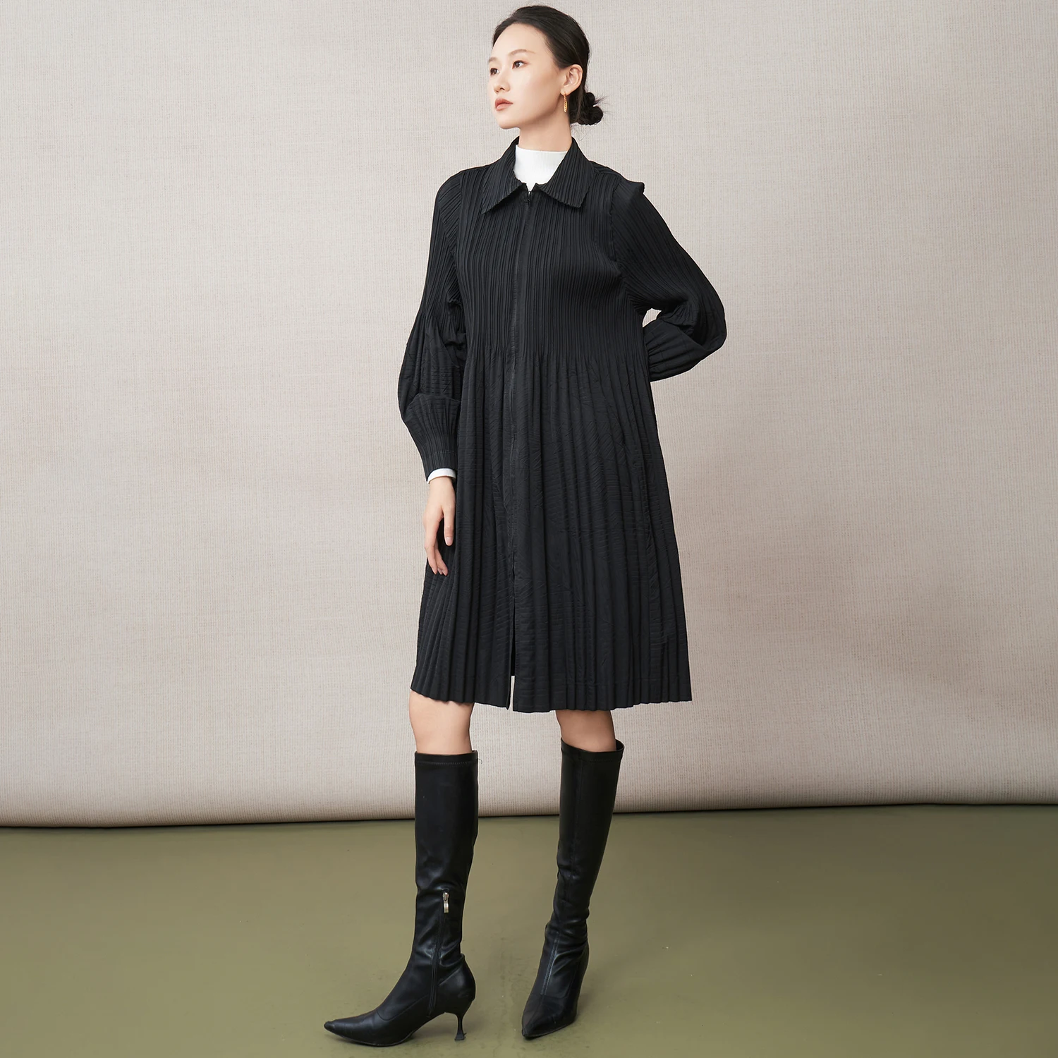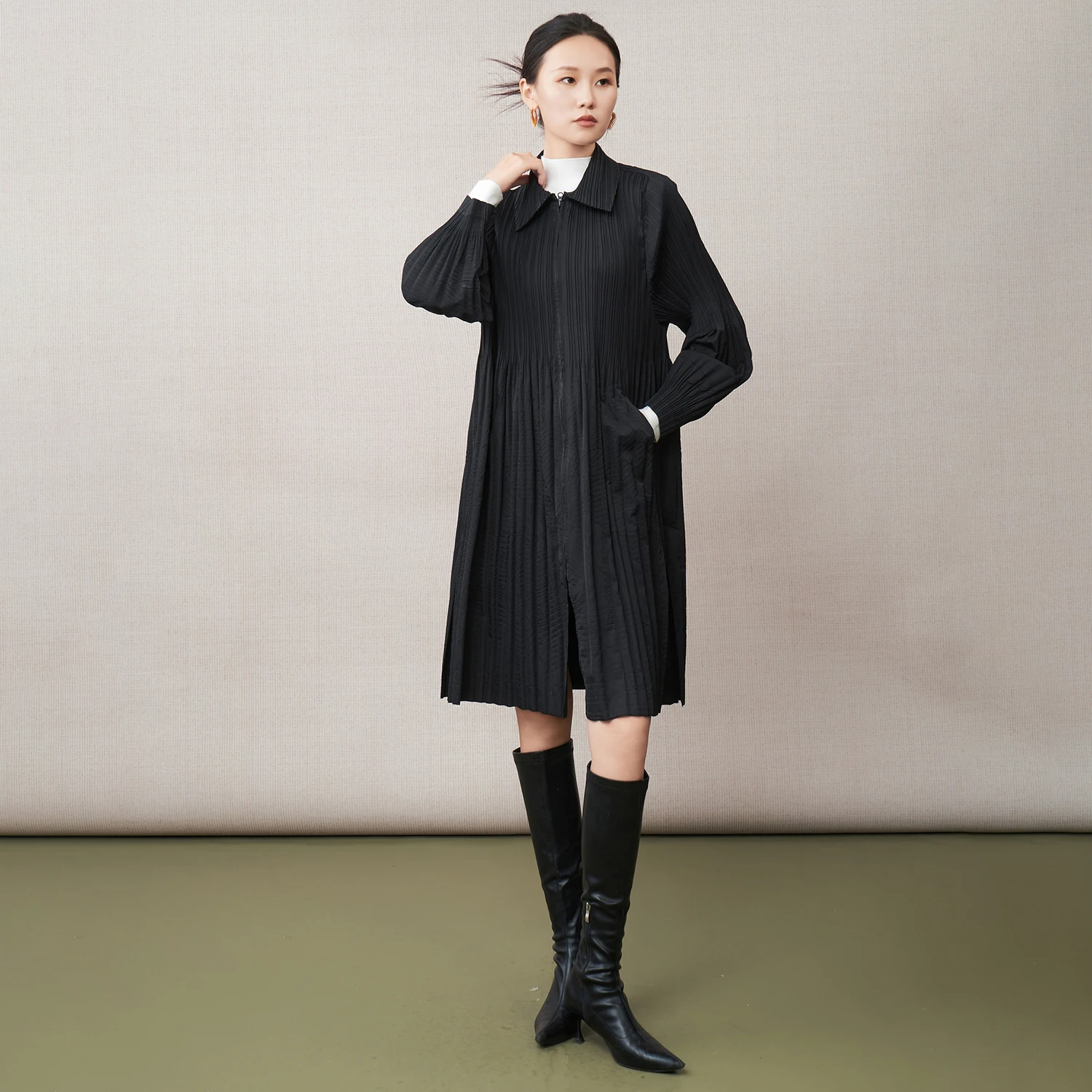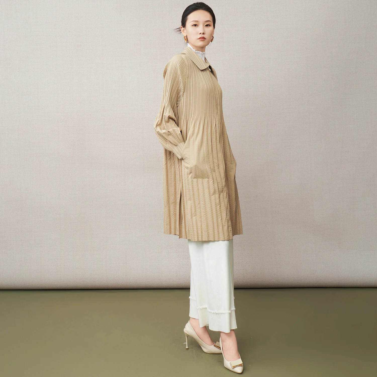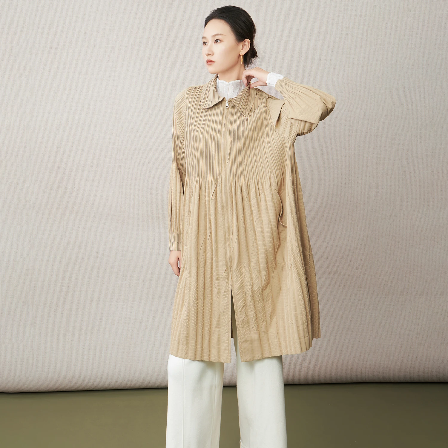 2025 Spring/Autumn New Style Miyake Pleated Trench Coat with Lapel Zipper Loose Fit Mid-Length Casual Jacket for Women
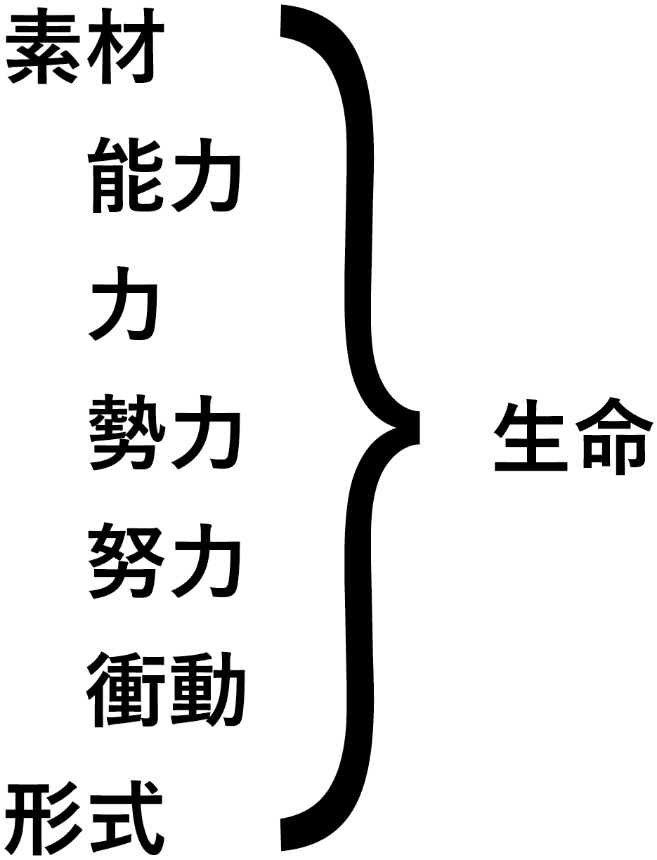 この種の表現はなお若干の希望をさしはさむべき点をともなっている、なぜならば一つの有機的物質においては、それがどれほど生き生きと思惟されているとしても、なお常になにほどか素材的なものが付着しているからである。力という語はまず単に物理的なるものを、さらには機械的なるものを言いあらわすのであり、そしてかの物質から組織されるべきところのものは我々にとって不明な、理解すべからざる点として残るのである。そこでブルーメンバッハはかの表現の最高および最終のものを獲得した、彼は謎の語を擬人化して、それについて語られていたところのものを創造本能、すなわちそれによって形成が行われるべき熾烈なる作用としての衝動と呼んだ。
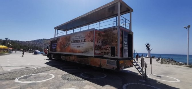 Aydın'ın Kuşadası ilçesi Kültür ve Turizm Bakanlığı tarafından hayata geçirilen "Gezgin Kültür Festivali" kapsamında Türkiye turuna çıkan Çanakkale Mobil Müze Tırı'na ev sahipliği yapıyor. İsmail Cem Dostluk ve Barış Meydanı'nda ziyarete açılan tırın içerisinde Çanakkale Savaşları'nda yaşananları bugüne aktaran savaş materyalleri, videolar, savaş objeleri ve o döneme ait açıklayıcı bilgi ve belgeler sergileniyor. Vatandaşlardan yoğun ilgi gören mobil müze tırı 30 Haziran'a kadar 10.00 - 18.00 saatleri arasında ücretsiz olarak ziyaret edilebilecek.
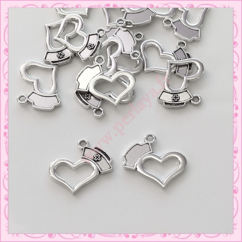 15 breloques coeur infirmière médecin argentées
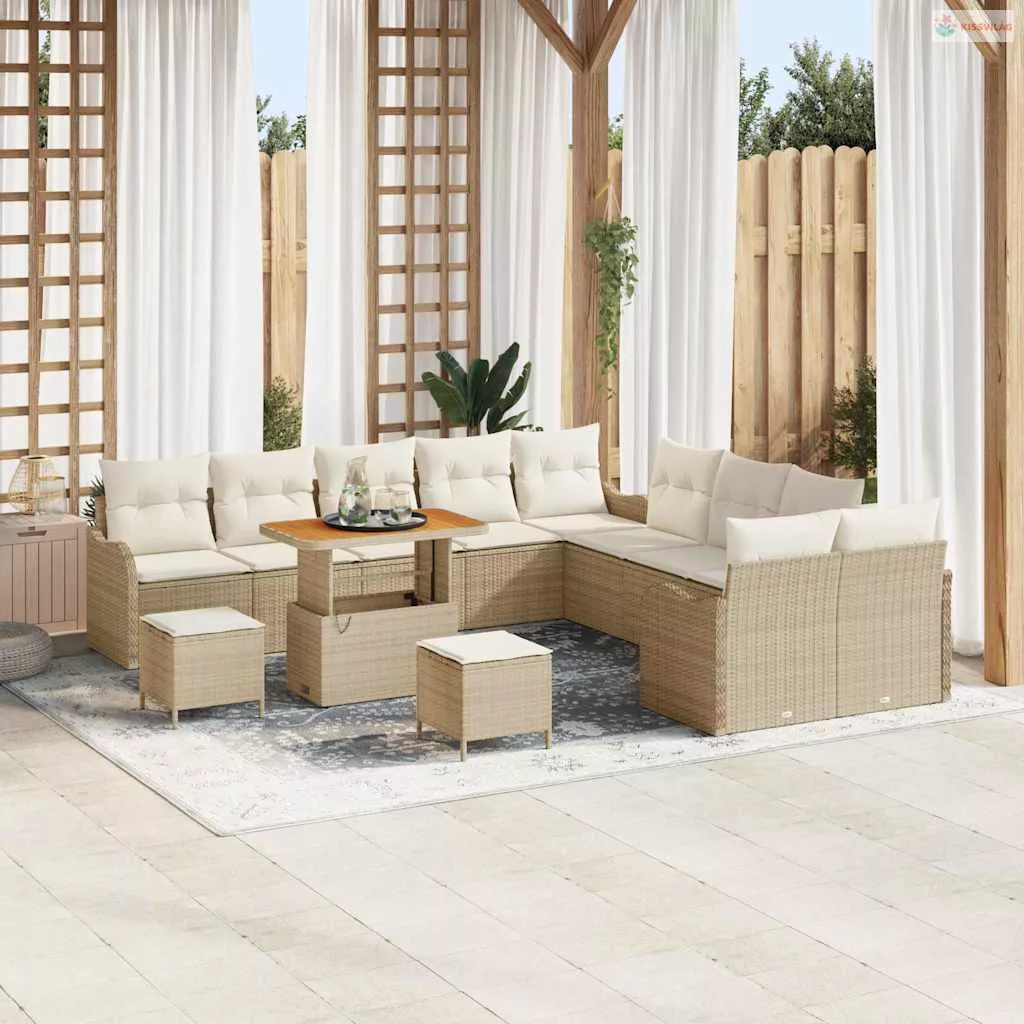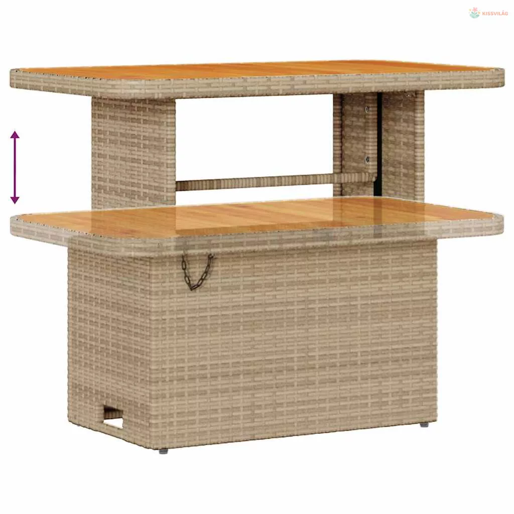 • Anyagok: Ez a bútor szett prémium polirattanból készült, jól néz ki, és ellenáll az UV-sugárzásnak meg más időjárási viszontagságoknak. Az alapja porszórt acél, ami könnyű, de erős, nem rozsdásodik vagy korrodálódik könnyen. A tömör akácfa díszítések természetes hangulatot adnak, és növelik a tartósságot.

-=-=-

## PROBLEM DETAILS
Start at the top line above and repeat the records verbatim, leaving images out.

## OUTPUT FOR THIS TASK
 2025 Spring/Autumn New Style Miyake Pleated Trench Coat with Lapel Zipper Loose Fit Mid-Length Casual Jacket for Women
 この種の表現はなお若干の希望をさしはさむべき点をともなっている、なぜならば一つの有機的物質においては、それがどれほど生き生きと思惟されているとしても、なお常になにほどか素材的なものが付着しているからである。力という語はまず単に物理的なるものを、さらには機械的なるものを言いあらわすのであり、そしてかの物質から組織されるべきところのものは我々にとって不明な、理解すべからざる点として残るのである。そこでブルーメンバッハはかの表現の最高および最終のものを獲得した、彼は謎の語を擬人化して、それについて語られていたところのものを創造本能、すなわちそれによって形成が行われるべき熾烈なる作用としての衝動と呼んだ。
 Aydın'ın Kuşadası ilçesi Kültür ve Turizm Bakanlığı tarafından hayata geçirilen "Gezgin Kültür Festivali" kapsamında Türkiye turuna çıkan Çanakkale Mobil Müze Tırı'na ev sahipliği yapıyor. İsmail Cem Dostluk ve Barış Meydanı'nda ziyarete açılan tırın içerisinde Çanakkale Savaşları'nda yaşananları bugüne aktaran savaş materyalleri, videolar, savaş objeleri ve o döneme ait açıklayıcı bilgi ve belgeler sergileniyor. Vatandaşlardan yoğun ilgi gören mobil müze tırı 30 Haziran'a kadar 10.00 - 18.00 saatleri arasında ücretsiz olarak ziyaret edilebilecek.
 15 breloques coeur infirmière médecin argentées
 • Anyagok: Ez a bútor szett prémium polirattanból készült, jól néz ki, és ellenáll az UV-sugárzásnak meg más időjárási viszontagságoknak. Az alapja porszórt acél, ami könnyű, de erős, nem rozsdásodik vagy korrodálódik könnyen. A tömör akácfa díszítések természetes hangulatot adnak, és növelik a tartósságot.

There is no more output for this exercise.